Below are some records. Return exactly their lines from the one containing "最后选择提现金额,点击下面的提现到QQ钱包即可。" through the one containing "Пончиковый аппарат ATESY", and drop the pictures.

--- STUDY MATERIAL ---

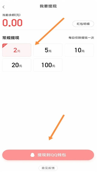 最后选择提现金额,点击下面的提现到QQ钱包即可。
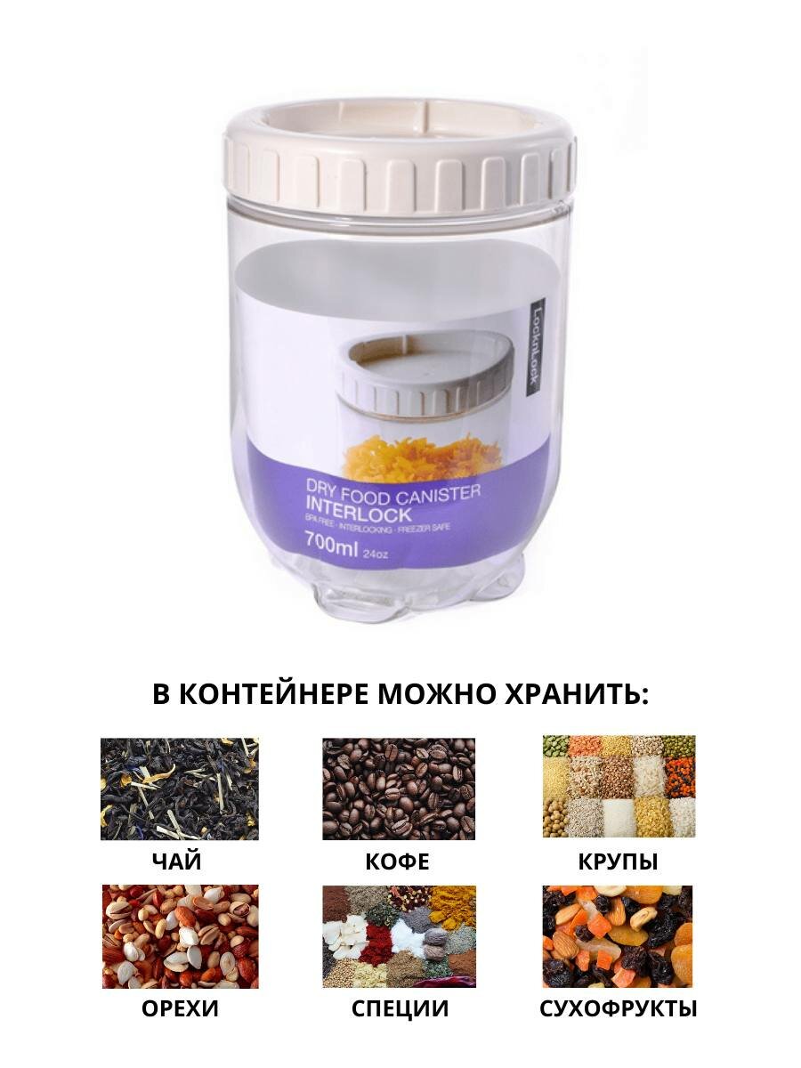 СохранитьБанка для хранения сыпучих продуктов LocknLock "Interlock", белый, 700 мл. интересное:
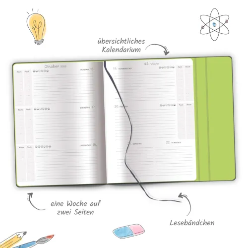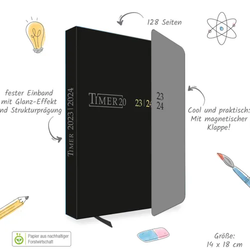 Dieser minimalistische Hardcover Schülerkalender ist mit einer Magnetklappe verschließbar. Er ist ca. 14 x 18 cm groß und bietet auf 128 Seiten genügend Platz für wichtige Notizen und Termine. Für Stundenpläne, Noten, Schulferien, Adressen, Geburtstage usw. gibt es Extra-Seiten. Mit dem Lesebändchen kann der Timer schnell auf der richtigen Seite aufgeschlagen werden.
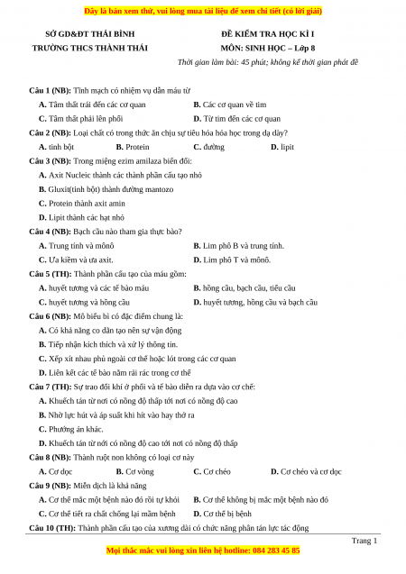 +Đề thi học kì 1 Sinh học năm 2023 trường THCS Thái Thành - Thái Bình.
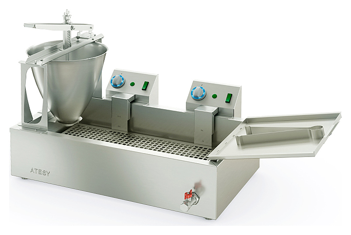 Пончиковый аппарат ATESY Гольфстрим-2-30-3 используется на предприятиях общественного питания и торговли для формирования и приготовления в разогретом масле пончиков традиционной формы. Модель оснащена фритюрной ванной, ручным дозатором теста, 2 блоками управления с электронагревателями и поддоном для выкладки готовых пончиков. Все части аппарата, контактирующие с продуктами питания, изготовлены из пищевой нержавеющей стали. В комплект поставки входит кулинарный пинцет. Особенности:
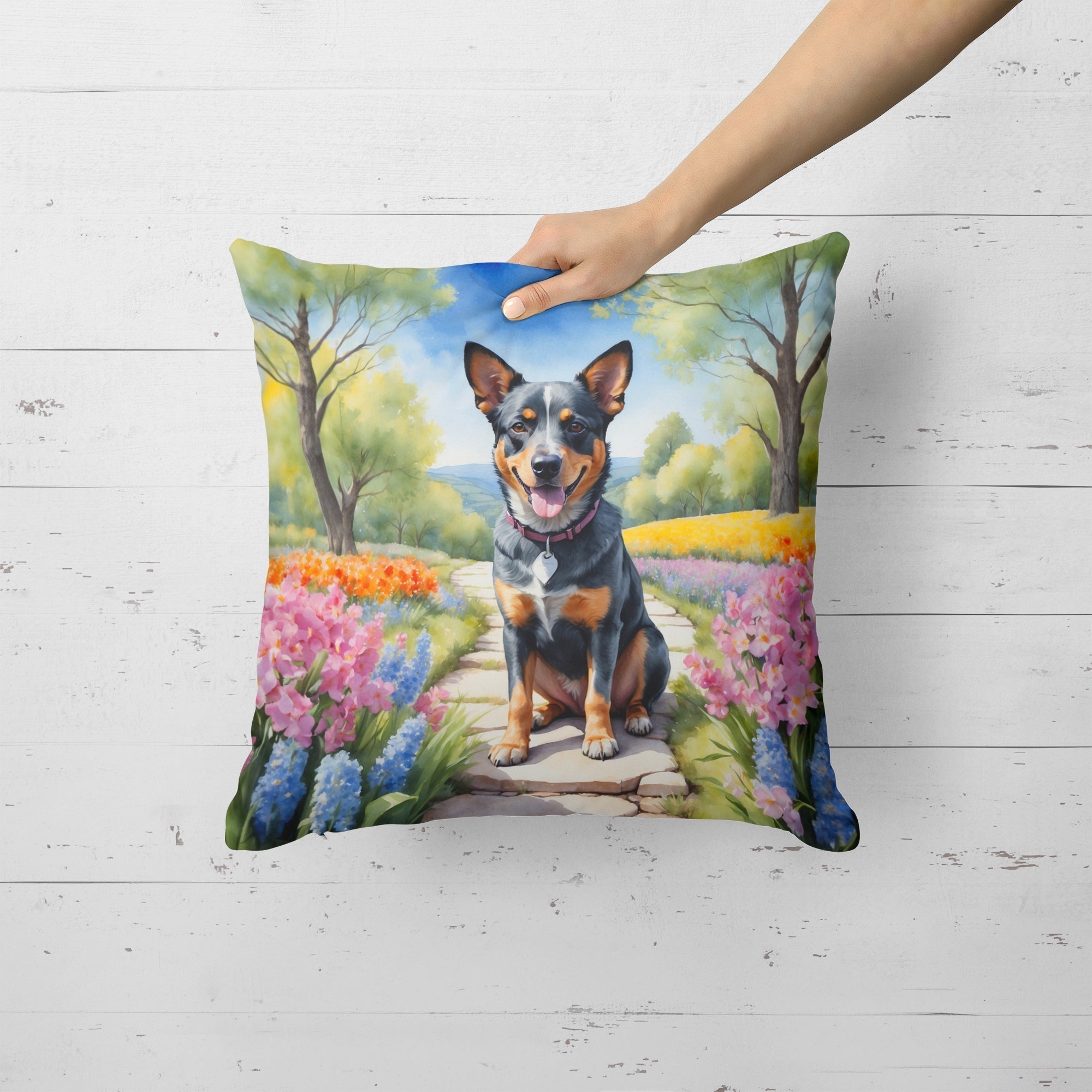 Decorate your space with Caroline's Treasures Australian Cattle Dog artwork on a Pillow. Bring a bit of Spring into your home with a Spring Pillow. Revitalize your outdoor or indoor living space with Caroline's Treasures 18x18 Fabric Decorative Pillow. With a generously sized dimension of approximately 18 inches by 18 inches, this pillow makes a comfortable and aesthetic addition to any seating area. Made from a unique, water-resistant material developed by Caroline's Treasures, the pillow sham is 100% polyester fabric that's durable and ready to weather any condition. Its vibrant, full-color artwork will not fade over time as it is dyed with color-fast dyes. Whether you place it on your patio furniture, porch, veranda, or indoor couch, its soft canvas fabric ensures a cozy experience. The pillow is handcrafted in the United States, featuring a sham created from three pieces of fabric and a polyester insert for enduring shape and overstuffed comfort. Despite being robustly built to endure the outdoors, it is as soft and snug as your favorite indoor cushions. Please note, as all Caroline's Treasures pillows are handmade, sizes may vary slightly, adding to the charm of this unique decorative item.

---
--- STUDY MATERIAL ---

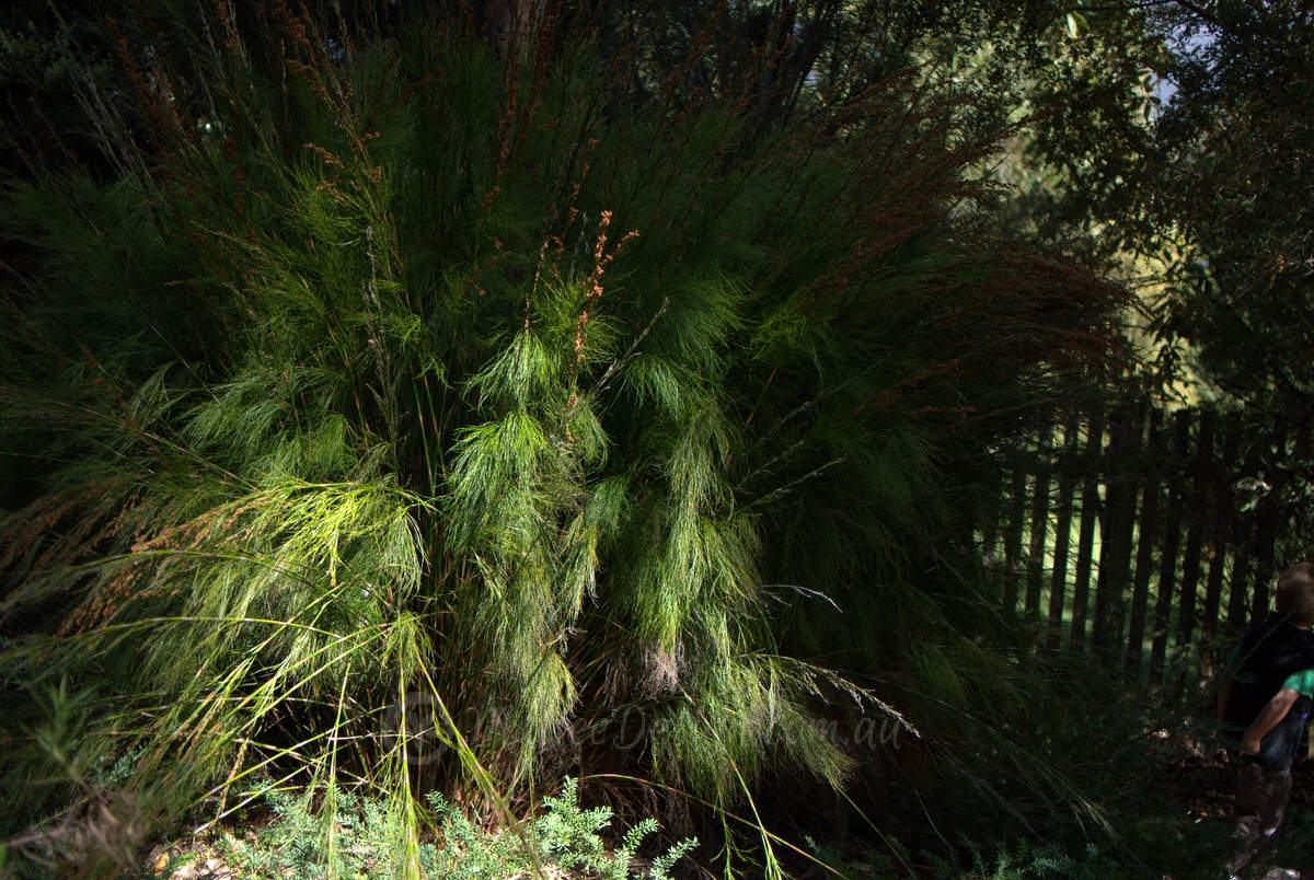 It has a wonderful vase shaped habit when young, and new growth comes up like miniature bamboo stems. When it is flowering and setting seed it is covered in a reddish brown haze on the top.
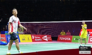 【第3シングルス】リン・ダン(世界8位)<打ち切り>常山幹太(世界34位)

---

• OUTPUT FOR THIS EXERCISE
 最后选择提现金额,点击下面的提现到QQ钱包即可。
 СохранитьБанка для хранения сыпучих продуктов LocknLock "Interlock", белый, 700 мл. интересное:
 Dieser minimalistische Hardcover Schülerkalender ist mit einer Magnetklappe verschließbar. Er ist ca. 14 x 18 cm groß und bietet auf 128 Seiten genügend Platz für wichtige Notizen und Termine. Für Stundenpläne, Noten, Schulferien, Adressen, Geburtstage usw. gibt es Extra-Seiten. Mit dem Lesebändchen kann der Timer schnell auf der richtigen Seite aufgeschlagen werden.
 +Đề thi học kì 1 Sinh học năm 2023 trường THCS Thái Thành - Thái Bình.
 Пончиковый аппарат ATESY Гольфстрим-2-30-3 используется на предприятиях общественного питания и торговли для формирования и приготовления в разогретом масле пончиков традиционной формы. Модель оснащена фритюрной ванной, ручным дозатором теста, 2 блоками управления с электронагревателями и поддоном для выкладки готовых пончиков. Все части аппарата, контактирующие с продуктами питания, изготовлены из пищевой нержавеющей стали. В комплект поставки входит кулинарный пинцет. Особенности:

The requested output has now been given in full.